Le vingtième siècle a été marqué par un rattrapage des taux d’activité et des salaires des femmes relatives à ceux des hommes (Goldin, 2014). Mais cette convergence a eu tendance à ralentir ces toutes dernières décennies. La littérature a rattaché l’existence et la persistance des inégalités de genre sur le marché du travail aux inégalités de genre dans la répartition du travail domestique, en particulier la garde d'enfants (Bertrand et alii, 2010 ; Meurs et Pora, 2019). Plusieurs travaux ont mis en évidence l’existence d’une véritable « pénalité associée à la maternité », se traduisant par une chute significative et durable des rémunérations des femmes (et non de celle des hommes) immédiatement après l’arrivée du premier enfant (Kleven et al., 2019b ; Kleven et al., 2019a). Or, la garde des enfants en bas âge n'est pas la seule activité dont les femmes prennent en charge de façon disproportionnée. Il y a aussi la garde des petits-enfants.
Dans une nouvelle étude, Mette Gørtz, Sarah Sander et Almudena Sevilla (2023) décèlent également l’existence d’une « pénalité associée à la grand-maternité ». En adoptant une approche quasi-expérimentale et en exploitant une large base de données danoises relatives à la période allant de 1980 à 2017, elles ont étudié comment réagissent les rémunérations, le taux de salaire, le taux d’activité, la probabilité d’être en emploi à temps plein, la durée du travail et l’épargne disponible à la retraite suite à l’arrivée des petits-enfants.
Elles ont constaté qu’après l’arrivée du premier petit-enfant, les rémunérations des femmes diminuent plus amplement que celle des hommes ; cette dernière n’apparaît guère affectée, une fois pris en compte l’année et l’âge. En l’occurrence, cinq ans après l’arrivée du premier petit-enfant, l’écart de rémunérations entre les hommes et les femmes se creuse de 3,8 %. Ce montant est moitié moindre à celui de la pénalité associée à la maternité, mais il reste significatif. Cette baisse de la rémunération tient pour l'essentiel à la baisse de la probabilité d’avoir un emploi à temps plein.
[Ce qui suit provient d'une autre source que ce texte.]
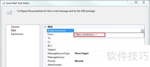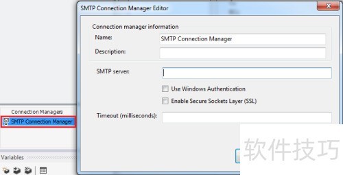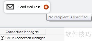 3、 进入Mail选项卡后,点击SmtpConnection下拉菜单,选择其中的选项,系统将自动弹出 SMTP 连接管理器编辑窗口。此时可观察到,在页面下方的连接管理器区域中,已成功添加了一个新创建的 SMTP 连接管理器,该管理器用于配置和管理邮件发送所需的服务器连接信息,为后续的邮件任务提供支持。
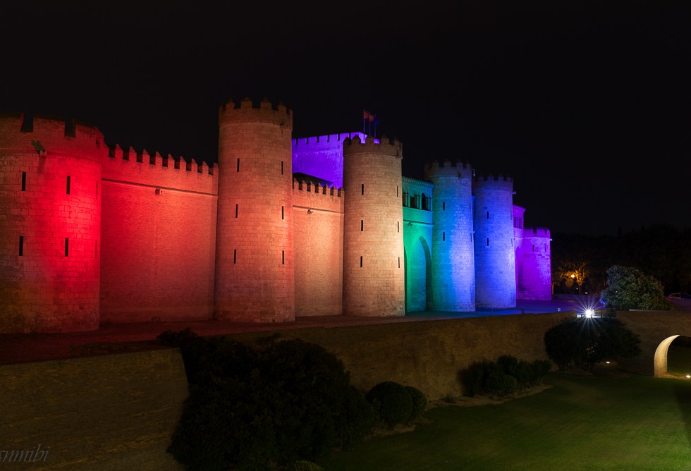 Cortes de Aragón, sobre la arquitectura mudéjar de la Aljafería, se proyectan los colores del Orgullo y la Lucha LGTBI./Spanish Parliament of Aragon, on the Mudejar architecture of the Aljafería, projects the colors of the Pride and the Fight LGTBI.

Gørtz et ses coauteures font d’autres constats. Par exemple, la pénalité associée à la grand-maternité apparaît plus élevée lorsque les grands-mères vivent à proximité de leurs petits-enfants, probablement parce qu’elles sont alors plus facilement mobilisable. En outre, la pénalité est plus forte pour les grands-mères maternelles que pour les grands-mères paternelles. Ce constat est cohérent avec l’idée que les premières sont davantage mobilisées que les secondes pour s’occuper des petits-enfants et, plus largement, avec l'idée que des parents continuent d'aider leurs enfants une fois que ces derniers sont adultes, mais avec une aide différenciée selon leur genre (davantage financière dans le cas d'un garçon, davantage matérielle dans le cas d'une fille).